Deploy NVIDIA Triton Inference Server on Kubernetes (2026)
Step-by-step guide to running NVIDIA Triton Inference Server on Kubernetes with GPU nodes — model repository setup, deployment, autoscaling, and monitoring.
When you need to serve ML models in production at scale — with batching, multi-model serving, GPU sharing, and sub-millisecond latency — NVIDIA Triton Inference Server is the go-to solution.
Triton supports TensorFlow, PyTorch, ONNX, TensorRT, and more.

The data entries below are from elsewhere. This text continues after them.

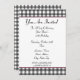 Une invitation simple avec un motif à carreaux gris charbon en haut et en bas de la face avant. Garniture rose et ruban noir en caractères gras. Personnalisez avec les détails de votre occasion. Le côté opposé présente un design uni avec une forme de cercle au milieu, encadrant le texte.
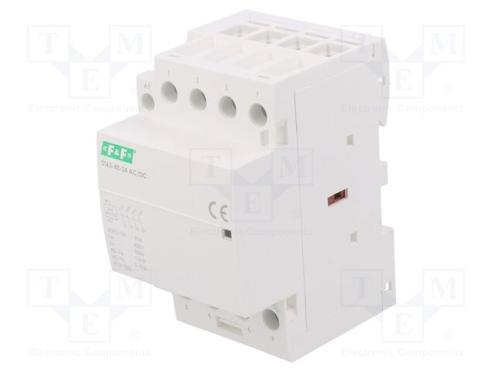 Hersteller F&F Schütz-Typ 4-Richtung Installation Betriebsstrom max. 63A Steuerspannung 24V AC Steuerspannung 24V DC Kontaktkonfiguration NO x4 Montage für DIN-Schiene Dichtheitsklasse IP20 Ausgänge Schraubanschlüsse Betriebstemperatur -25...50°C
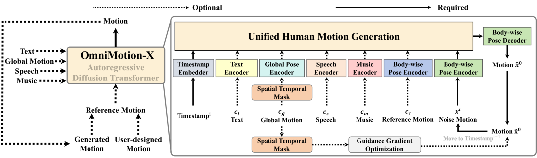 论文简评: 这篇论文提出了OmniMotion-X,一个用于全身动作生成的多模态框架,结合了自回归扩散变压器以支持文本到动作、音乐到舞蹈、语音到手势等多种任务。通过引入参考动作作为条件信号,OmniMotion-X显著提高了生成内容的一致性和动态表现。作者还构建了OmniMoCap-X,这是一个整合了28个公开MoCap源的多模态动作数据集,旨在提高训练质量。实验结果显示,OmniMotion-X在多个多模态任务中表现优异,能够生成真实、连贯且可控的长时动作。
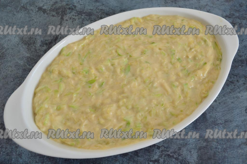 Подходящую по размерам форму для запекания (я в этот раз взяла овальную форму размером 26 на 16 сантиметров) смазать растительным маслом. Выложить в форму кабачково-сырное тесто и равномерно распределить.
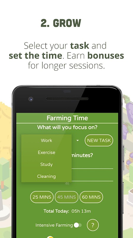 Farming Time is ook een geweldige werk- en studietimer die je motiveert om je gedurende een bepaalde periode te concentreren.
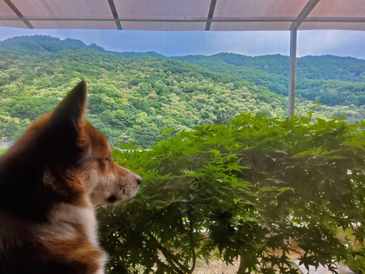 한바탕 비가 쏟아지니 앞산의 초록이 더 푸르다. 진한 초록의 녹음을 이루는 산은 그 빛깔만큼의 깊이가 느껴진다. 그 깊이는 때로 심연 같아 가늠할 수 없는 공간이 되기도 하고 어느 철학자의 어두운 슬픔 같기도 하고 알 수 없는 어떤 이의 속내 같기도 하다. 내가 보는 그런 풍경을 투투는 어떤 눈으로 바라보는 것일까. 내가 정의한 그 시선에 갇혀 바라보는 나와 달리 바깥을 내다보는 투투의 길고 먼 눈동자엔 어떤 것도 의도한 바 없이 그저 바라보는 것 같다. 생각과 감각을 배제한 바라봄이 온전한 '멍'이 아닐까.
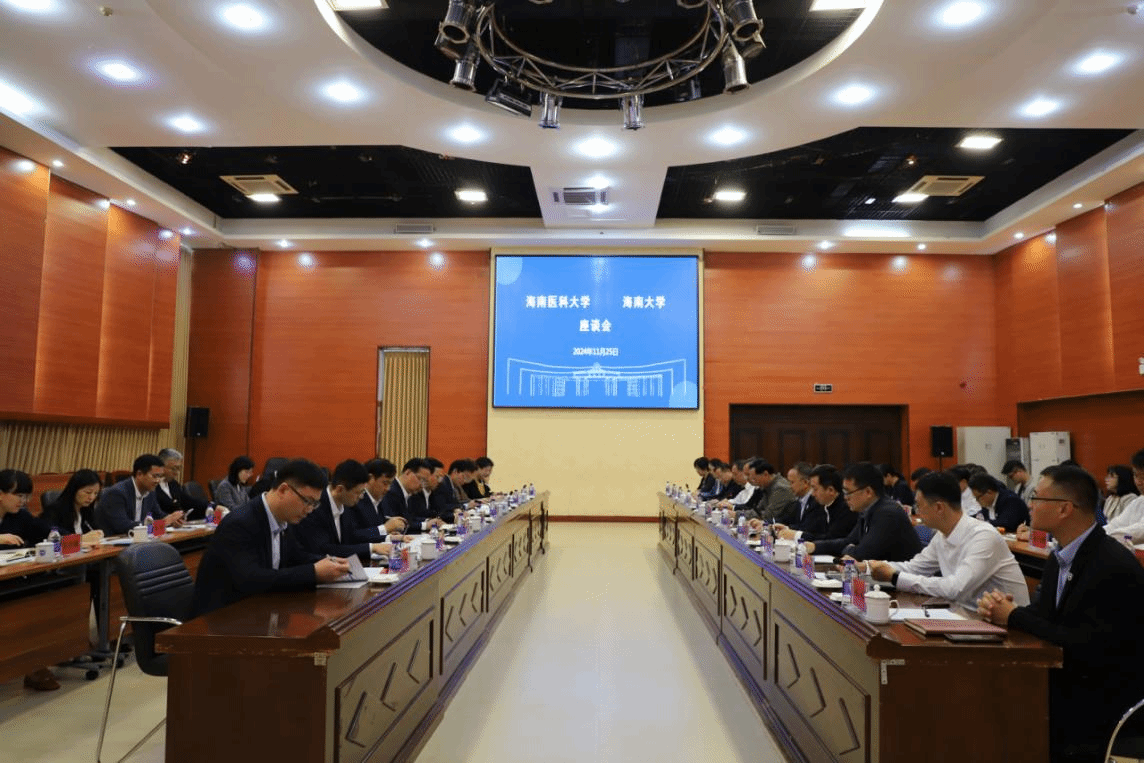 11月25日上午,海南医科大学党委书记赵建农,校长、中国科学院院士陈国强一行访问304永利集团登录入口,并在思源学堂多功能厅举行交流座谈会。304永利集团登录入口党委书记符宣国,校长、中国科学院院士骆清铭出席会议。

It handles batching automatically, exposes gRPC and HTTP APIs, and integrates with Prometheus for metrics.
This guide walks through deploying Triton on Kubernetes with GPU nodes, setting up a model repository, and autoscaling with KEDA.
Why Triton Over a Simple FastAPI Server?
| Feature | FastAPI + HuggingFace | Triton |
|---|---|---|
| Dynamic batching | Manual | Built-in |
| Multi-model serving | One model per service | Hundreds per instance |
| Model frameworks | Python only | TF, PyTorch, ONNX, TensorRT |
| GPU utilization | Single model | MIG / model sharing |
| gRPC support | Extra work | Native |
| Concurrent requests | Limited | Highly optimized |
| Prometheus metrics | Manual | Built-in |
For high-throughput production, Triton is significantly more efficient.
Architecture
Client → HTTP/gRPC → Triton Inference Server (K8s pod on GPU node)
↓
Model Repository (S3 or PVC)
↓
Backend Executors:
- TensorRT (fastest)
- PyTorch (torchscript)
- ONNX Runtime
- TensorFlow SavedModel
- Python Backend (for custom logic)
Step 1 — Set Up EKS with GPU Nodes
# Create cluster
eksctl create cluster \
--name triton-cluster \
--region ap-south-1 \
--nodegroup-name cpu-workers \
--node-type t3.medium \
--nodes 2
# Add GPU node group
eksctl create nodegroup \
--cluster triton-cluster \
--name gpu-workers \
--node-type g4dn.2xlarge \ # 1 T4 GPU, 32GB VRAM, 8 vCPUs
--nodes 1 \
--nodes-min 0 \
--nodes-max 4 \
--node-labels "role=inference"
# Install NVIDIA device plugin
kubectl apply -f https://raw.githubusercontent.com/NVIDIA/k8s-device-plugin/v0.14.5/nvidia-device-plugin.yml
# Verify GPU is visible
kubectl get nodes -l role=inference -o json | \
jq '.items[].status.allocatable["nvidia.com/gpu"]'Step 2 — Prepare the Model Repository
Triton uses a model repository — a directory structure in S3 (or a PVC) with a specific format.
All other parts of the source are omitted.